Camino somnolienta para llegar un día más a mi trabajo, llueve y me arrebujo bajo el paraguas, creando ese espacio de intimidad que me separa del mundo y me hace sentir confortable en mi pequeño rincón. Cuando estoy a un metro de la entrada, la tormenta se silencia y en el cielo se dibuja un arco de colores que me hace sonreír. Un avión se esmera en jugar a traspasarlo emitiendo, en su esfuerzo, un rugido desesperado que ensordece y retumba en mis entrañas. “Avión de reabastecimiento en vuelo con capacidad para doscientos cincuenta pasajeros en maniobra de aproximación para tomar tierra” piensa el ingeniero. “Ave fénix renacida del agua y la magia de la paleta de colores esparciendo la alegría tras el aguacero” piensa el poeta. Recobrando la consciencia que une a ambos, poeta e ingeniero atraviesan la puerta que inicia la jornada.

Con manos de ingeniero modelo la estructura, conformo el mecanismo que hará a un cachalote de acero y fibra volar sobre las nubes. Con pluma de poeta convoco a los druidas y a las vestales para que obren la magia por los dioses concedidas a las aves, de elevarse hacia el éter retando a la natura. Y de la unión de ambos, ingeniero y poeta, acontece el milagro de la ingravidez antaño vedada a nuestras mentes.

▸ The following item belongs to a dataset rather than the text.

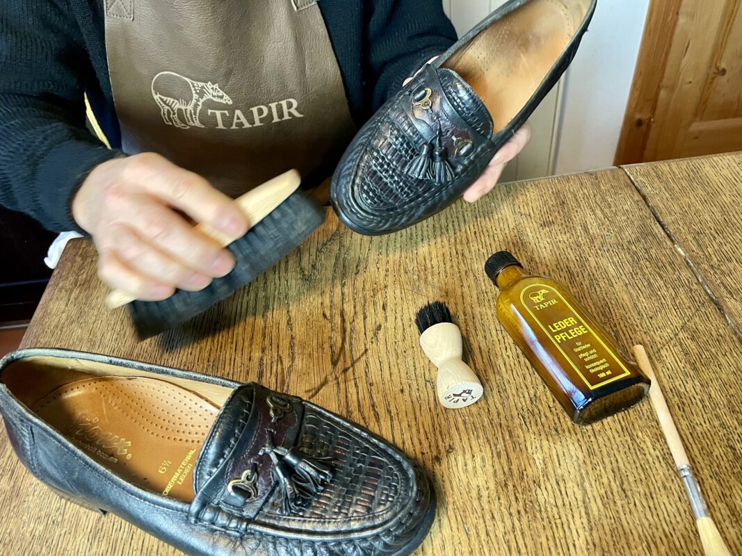 Wie reinigt und poliert man schwarze Glattlederschuhe mit Tapir Lederpflegecreme

Trascurre el día escondiendo al poeta y esperando a la noche, cuando el hechizo transfigure a ambos seres que tienen el destino de nunca conocerse aún siendo uno. Y cuando el pájaro de hierro renace en ave fénix, el universo se expande en mi ventana, los muros se desdibujan y desaparecen, los muebles en bosque encantado se reconvierten y la pluma del poeta inicia su relato.

Erase una vez…un avión ya desterrado que no podía volar. Sus cuadernas dañadas, dormían en un oscuro rincón, sucias y olvidadas. Soñaba con otros tiempos en que viajaba sobre los mares, atravesaba nubes y tormentas, y cumplía su misión sin agotarse. El piloto con mano firme le dirigía y le guiaba para soltar desde su portón trasero alimentos y material médico en países devastados. Tras acabar su vida, lo abandonaron y fue perdiendo su color a la intemperie. Su tristeza la puedo ver cada día cuando paso por su lado. Entonces, el poeta decide rescatar al avión y devolverle la vida.


Hoy es un gran día: alcalde y concejales, directores y empleados rodean al viejo avión ubicado en el centro de una gran rotonda. Acicalado y sustentado por un útil que iza su morro hacia el espacio, como si fuera a iniciar el vuelo, escucha cómo loan su historia y sus hazañas  y le encomiendan la misión de señalar la historia y el futuro en la entrada principal, para que todos lo saluden.